The bureau has 112 employees trained as plow drivers. If snow comes, it's on them to take up a shift of up to 12 hours in a vehicle so heavy that if a pedestrian gets in its way by accident, it's more prudent to try to crash into a parked car or a building than steer out of the way.
Since there's no guarantee snow will come to Portland on any given year, there is no one in Portland whose job is exclusively to move snow. Harvey works primarily as a concrete finisher, but he signed up as a plow driver in 2003 for overtime and found himself enjoying it more than he expected.
"I loved the plow," he says. "I loved the views at night. I loved the whole deal."

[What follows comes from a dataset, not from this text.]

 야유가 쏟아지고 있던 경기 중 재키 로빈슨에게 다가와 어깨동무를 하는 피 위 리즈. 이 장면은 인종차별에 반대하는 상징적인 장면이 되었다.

Each plow driver is designated a day or night shift and certain areas of town. Drivers focus on "primary streets"—busy thoroughfares served by buses and streetcars—before turning their attention to smaller, residential "secondary streets." PBOT surveys about 1,750 miles of Portland roadway in total.

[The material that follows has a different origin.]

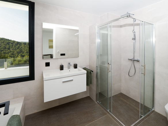 In de kelderverdieping bevindt zich een dubbele garage met automatische poort, evenals een ruime multifunctionele kelderruimte. De begane grond is ingedeeld met een royale woon- en eetruimte, een volledig uitgeruste keuken met aangrenzende bijkeuken en een gastentoilet. Aansluitend bevindt zich een groot overdekt terras met barbecuezone, een aangename schaduwrijke plek tijdens de zomermaanden, vanwaar u bovendien kunt genieten van prachtig zeezicht.

Harvey's haunts were Northwest Portland, home to many high roads that become treacherous in winter, and what PBOT calls the CBD—the Central Business District, or downtown.
Downtown pedestrians are often snowed off the sidewalk and are forced to step into the street—the path of the plow. That's just one of the many dangers to which drivers are constantly on heightened alert: cars pulling out in front of the plow, tree limbs and wires covered in ice with the potential to fall, all on slippery streets with low visibility.
"It gets hard to see," says Harvey. "We have our lights flashing. They reflect off buildings, reflect off vehicles. We have the front flashers going, we have the back ones going, we're constantly looking around."
Then there are the victims of winter hazards drivers occasionally encounter—especially on Germantown Road, that tree-lined, serpentine street that winds up to Skyline Boulevard a thousand feet above sea level.
"There are so many vehicles that run off that road, I can't tell you how many," says Harvey. "Within an hour or two, you'll have four or five vehicles."
In one case, Harvey had to call the police to rescue a car that had veered off the side of the road.
"They landed against a tree that stopped them from going another 50 or 100 feet down to a creek below," he says. "We were already traveling on that lane, and we come back around again and we noticed this dirty snow and tracks, so we stopped and we looked down and they were over the edge. They weren't injured, but they were freezing."
Such hazards explain the intensive yearly training. PBOT maintains an obstacle course for plows at Sunderland Yard in Northeast Portland. The vehicles—which are trucks with modifications, not the romantic little machines we know from the "Mr. Plow" episode of The Simpsons—run it fully equipped.
Plow drivers relearn every October and November how to put on various chains and sanders and operate each of the three sizes of trucks used in plowing. If routes change or new roads are added in the city, they're considered in the obstacle course. The yearly event is as much about PR as training—PBOT encourages news crews to cover the course and even allows civilians to take the wheel from time to time, to encourage Portlanders to appreciate the difficulty of driving a plow and the dangers posed by a truck loaded with gravel and heavy machinery.
But plowing also has a humanitarian aspect: clearing paths for emergency responders, making wheelchair ramps accessible, even helping out the homeless. Harvey brought coffee, extra sandwiches, and extra boots ("I get a boot allowance") on his trips in case he encountered someone in need.
"That guy, you could hear the yell from your office," he says of one homeless man he helped out. "He was so dang happy running down the street with the boots on his feet."
Moments like that might help explain why someone would want a gig requiring taking long shifts with little warning and an alarming risk of accidents. But Harvey offers a different explanation: "Maybe I like being on the edge."